Vorschläge der BDA zur Stärkung der Tarifbindung
- Durch Differenzierungs- und Öffnungsklauseln in Tarifverträgen erhalten Betriebe zusätzliche Flexibilität, um betriebsspezifische und individuelle Lösungen zu finden. Es gibt schon heute Tarifverträge, die diesen Weg beschreiten. Die Vereinbarung solcher Öffnungsklauseln muss noch konsequenter erfolgen. Das Instrument der Öffnungsklauseln sollte in der tariflichen Praxis stärker genutzt und vertieft werden.
- Unternehmen und Belegschaften sollten die Möglichkeit erhalten, aus einem Gesamttarifwerk einzelne Module auszuwählen und diese Module zur Anwendung zu bringen (modulare Tarifbindung). Der Umfang und die Komplexität von Gesamttarifwerken können – insbesondere auf bislang nicht tarifgebundene Unternehmen – abschreckend wirken. Mit einer modularen Tarifbindung können Arbeitgeber für sie passende Teile eines Tarifwerks übernehmen. Ein Unternehmen könnte dadurch z.B. den Entgeltrahmen aus einem Tarifvertrag anwenden, ohne gleichzeitig auch komplexe Regelungen zur Arbeitszeit übernehmen zu müssen.

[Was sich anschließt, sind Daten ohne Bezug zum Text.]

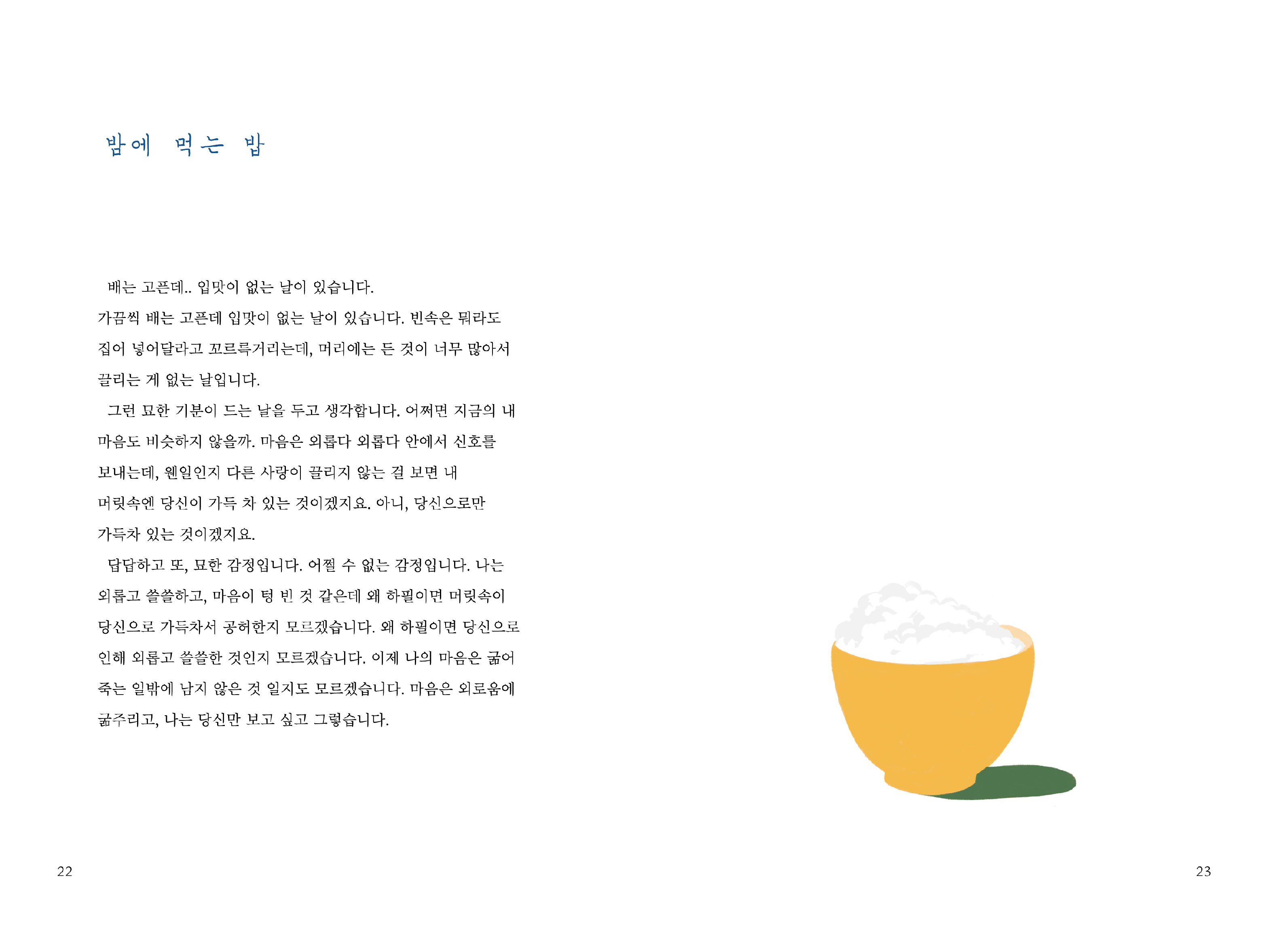 주요 페이지에 일러스트를 활용해 외로움이 마냥 어두운 감정이 아니라 , 외로움은 누구나 가지고 있으며 회복해 나갈 수 있다는 메세지를 담으려고 했다. 밝은 옐로우, 그레이, 다크 그린 세가지 색깔만을 사용해 과하지 않고, 세련되면서도 따뜻한 느낌을 주려고 했다. ' 우린 모두 다 일인분의 외로움을 안고 살아간다. ' 는 메세지를 이번 프고젝트를 통해 전하고자 했다.

- Gelingt es den Gewerkschaften nicht, sich für ein solches konsequentes Miteinander zu öffnen, kann erwogen werden, die Übernahme von tariflichen Regelungen auf der Betriebsebene zuzulassen. Der Betriebsrat darf nicht zu einer „Betriebsgewerkschaft“ werden. Dies würde das System der Tarifautonomie gefährden. Tarifliche Regelungen dürften daher nur unverändert übernommen werden. Teile aus bestehenden Vereinbarungen der Sozialpartner könnten übernommen und deren Geltung vereinbart werden. Das Recht zur inhaltlichen Tarifgestaltung muss bei den Tarifvertragsparteien verbleiben.